(Beginning of Input data)
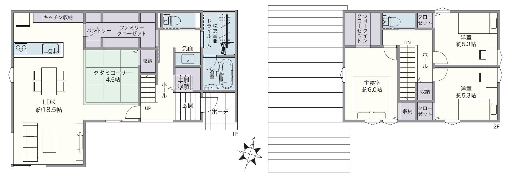 土間収納付きのファミリー玄関からは、リビングフロアを通らずに洗面室や浴室、クローゼットへ向かう動線を確保。外出先から帰ってすぐに手を洗ったり着替えたりできるので感染症対策ができ、お子様の衛生習慣も自然と身につきます。パントリーやキッチンへもつながっているので、買い物帰りの収納がとっても楽。LDKが散らかりにくく、すっきりキープできます。
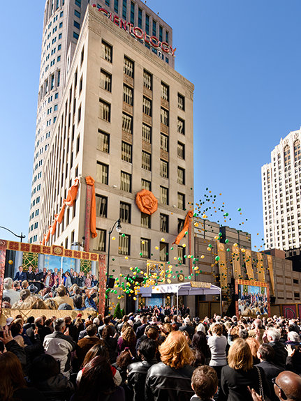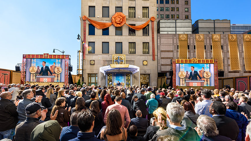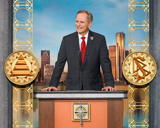 壮大な祝賀会の背景は、150ウエスト・ジェファーソン高層ビルのすぐ東、デトロイトのハート・プラザの真向かいの8階建てのScientology教会です。 その場所は、正に基礎…フォート・ポンチャートレインで最初の建物の場所…後にデトロイトの街となった所です。 一方、物語にさらに意味を加えると 、その落成された建物は、1701年に建設された街の最初の教会でもありました。
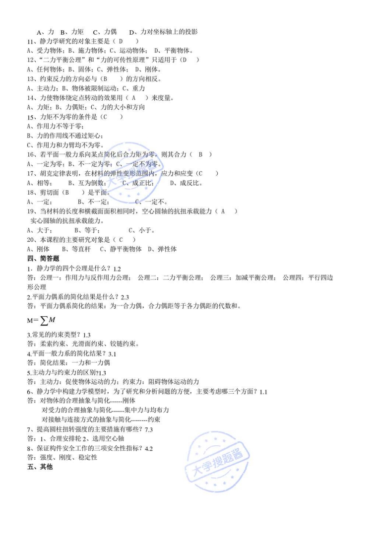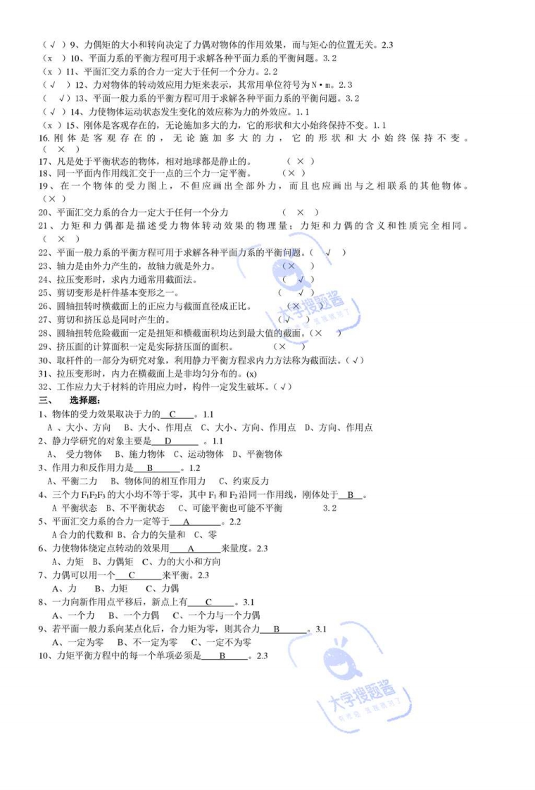 工程力学复习资料一、填空题1、理论力学中的三个组成部分为静力学、运动学和动力学一。绪2、力是物体之间相互的机械一作用、力的作用效应是使物体的运动状态发生改变,也可使物体的形状发生改变。113、力的基本单位名称是生顿,符号是N。1.14、力是矢量量,力的三要素可用带箭头的线段来表示,其长度(按一定比例)表示力的大小一,箭头的指向表示力的方向一·线段的起点或终点表示力的作用点一。115、共线力系是平面汇交力系的特例。2.16、平面力系分为平面汇交力系、平面平行力系和平面一般力系力系。3.17、在力的投影中,若力平行于X轴,则Fx=±F若力平行于y轴,则F±F:若力垂直于X轴,则Fx=0;若力垂直于y轴Fy=0.2.28、作用在物体上各力的作用线都在同一平面,并呈任煮分布沙的力系。称为平面一般力系。3.19、平面一般力系面已知中心点简化后,得到一力和一力偶●。3.110、若力系中的各力作用线在同一平面且相互平行,称平面平行力系,它是平面一般力系的特殊情况。3.211、平衡是指物体相对于地球保持静止或匀速直线运动状态。绪12、对非自由体的运动的限制叫做约束。约束反力的方向与约束所能限制运动方向相反。1.313、作用于物体上的各力作用线都在同一平面,而且汇交的力系,称为平面汇交力系。2.214、力的三要素是力的大小,力的方向,力的作用点15、材料力学中,构件的安全性指标是指:强度,刚度,稳定性。16、力是物体间相互的机越作用,这种作用的效果是使物体的运动状态发生改变,也可使物体的形述发生变化。17、力对物体的作用效果取决于力的大小一、方向和作用点18、欲使作用在刚体上的两个力平衡,其必要与充分条件是两个力的大小相等、方向相反,且作用在一条直线上。19.作用于物体上的各力作用线都在同一平面内内,并且都相较于一点的力系,称为平面汇交力系。20合力在任意一个坐标轴上的投影,等于各分力在同一轴上投影的代数和,此称为合力投影定理。21.平面汇交力系平衡的必要与充分的条件该力系的合力的大小等于零。22力偶对物体的转动效应取决于力偶矩大小、力偶的转向、以及力偶作用面的方位一。23构件的强度是指构件抵抗破坯的能力。构件的刚度是指构件抵抗变形的能力。24.在材料力学中通常采用截面法求内力,应用这种方法求内力可分为截开、代替和平衡三个步骤。25。连接件的失效形式主要包括剪切和挤压破坏。26提高圆轴扭转强度的主要措施是合理安排轮系位置和选用空心轴。27.拉压杆强度条件可用于解决强度校核、选择截面尺寸和确定许可载荷三类问题。28、静力学平衡方程求内力的方法称截面法三个步骤:截开、代替和平衡。29、提高圆柱抗扭强度的主要措施合理安排轮系位置和采用空心轴。73二、判断题(√)1、力使物体运动状态发生变化的效应称为力的外效应。1.1(x)2、刚体是客观存在的,无论施加多大的力,它的形状和大小始终保持不变。1.1(x)3、凡是处于平衡状态的物体,相对于地球都是静止的。1.1(√)4、二力平衡公理、加减平衡力系公理,力的可传性原理只适用行刚体。12《√)7、力系在平面内任意一坐标轴上投影的代数和为等,则该力系一定是平衡力系。22大字货松首(√)5、作用力和反作用力是等值、反向、共线的一对力。12(x)6、平面汇交力系的合力一定大于任何一个力。2.2(√)8、力对物体的转动效果用力矩来定量,其常用单位符号为N.m。23
(End of Input data)
What is needed:
A verbatim copy of the listing, with all pictures removed, is required.

Task response:
 土間収納付きのファミリー玄関からは、リビングフロアを通らずに洗面室や浴室、クローゼットへ向かう動線を確保。外出先から帰ってすぐに手を洗ったり着替えたりできるので感染症対策ができ、お子様の衛生習慣も自然と身につきます。パントリーやキッチンへもつながっているので、買い物帰りの収納がとっても楽。LDKが散らかりにくく、すっきりキープできます。
 壮大な祝賀会の背景は、150ウエスト・ジェファーソン高層ビルのすぐ東、デトロイトのハート・プラザの真向かいの8階建てのScientology教会です。 その場所は、正に基礎…フォート・ポンチャートレインで最初の建物の場所…後にデトロイトの街となった所です。 一方、物語にさらに意味を加えると 、その落成された建物は、1701年に建設された街の最初の教会でもありました。
 工程力学复习资料一、填空题1、理论力学中的三个组成部分为静力学、运动学和动力学一。绪2、力是物体之间相互的机械一作用、力的作用效应是使物体的运动状态发生改变,也可使物体的形状发生改变。113、力的基本单位名称是生顿,符号是N。1.14、力是矢量量,力的三要素可用带箭头的线段来表示,其长度(按一定比例)表示力的大小一,箭头的指向表示力的方向一·线段的起点或终点表示力的作用点一。115、共线力系是平面汇交力系的特例。2.16、平面力系分为平面汇交力系、平面平行力系和平面一般力系力系。3.17、在力的投影中,若力平行于X轴,则Fx=±F若力平行于y轴,则F±F:若力垂直于X轴,则Fx=0;若力垂直于y轴Fy=0.2.28、作用在物体上各力的作用线都在同一平面,并呈任煮分布沙的力系。称为平面一般力系。3.19、平面一般力系面已知中心点简化后,得到一力和一力偶●。3.110、若力系中的各力作用线在同一平面且相互平行,称平面平行力系,它是平面一般力系的特殊情况。3.211、平衡是指物体相对于地球保持静止或匀速直线运动状态。绪12、对非自由体的运动的限制叫做约束。约束反力的方向与约束所能限制运动方向相反。1.313、作用于物体上的各力作用线都在同一平面,而且汇交的力系,称为平面汇交力系。2.214、力的三要素是力的大小,力的方向,力的作用点15、材料力学中,构件的安全性指标是指:强度,刚度,稳定性。16、力是物体间相互的机越作用,这种作用的效果是使物体的运动状态发生改变,也可使物体的形述发生变化。17、力对物体的作用效果取决于力的大小一、方向和作用点18、欲使作用在刚体上的两个力平衡,其必要与充分条件是两个力的大小相等、方向相反,且作用在一条直线上。19.作用于物体上的各力作用线都在同一平面内内,并且都相较于一点的力系,称为平面汇交力系。20合力在任意一个坐标轴上的投影,等于各分力在同一轴上投影的代数和,此称为合力投影定理。21.平面汇交力系平衡的必要与充分的条件该力系的合力的大小等于零。22力偶对物体的转动效应取决于力偶矩大小、力偶的转向、以及力偶作用面的方位一。23构件的强度是指构件抵抗破坯的能力。构件的刚度是指构件抵抗变形的能力。24.在材料力学中通常采用截面法求内力,应用这种方法求内力可分为截开、代替和平衡三个步骤。25。连接件的失效形式主要包括剪切和挤压破坏。26提高圆轴扭转强度的主要措施是合理安排轮系位置和选用空心轴。27.拉压杆强度条件可用于解决强度校核、选择截面尺寸和确定许可载荷三类问题。28、静力学平衡方程求内力的方法称截面法三个步骤:截开、代替和平衡。29、提高圆柱抗扭强度的主要措施合理安排轮系位置和采用空心轴。73二、判断题(√)1、力使物体运动状态发生变化的效应称为力的外效应。1.1(x)2、刚体是客观存在的,无论施加多大的力,它的形状和大小始终保持不变。1.1(x)3、凡是处于平衡状态的物体,相对于地球都是静止的。1.1(√)4、二力平衡公理、加减平衡力系公理,力的可传性原理只适用行刚体。12《√)7、力系在平面内任意一坐标轴上投影的代数和为等,则该力系一定是平衡力系。22大字货松首(√)5、作用力和反作用力是等值、反向、共线的一对力。12(x)6、平面汇交力系的合力一定大于任何一个力。2.2(√)8、力对物体的转动效果用力矩来定量,其常用单位符号为N.m。23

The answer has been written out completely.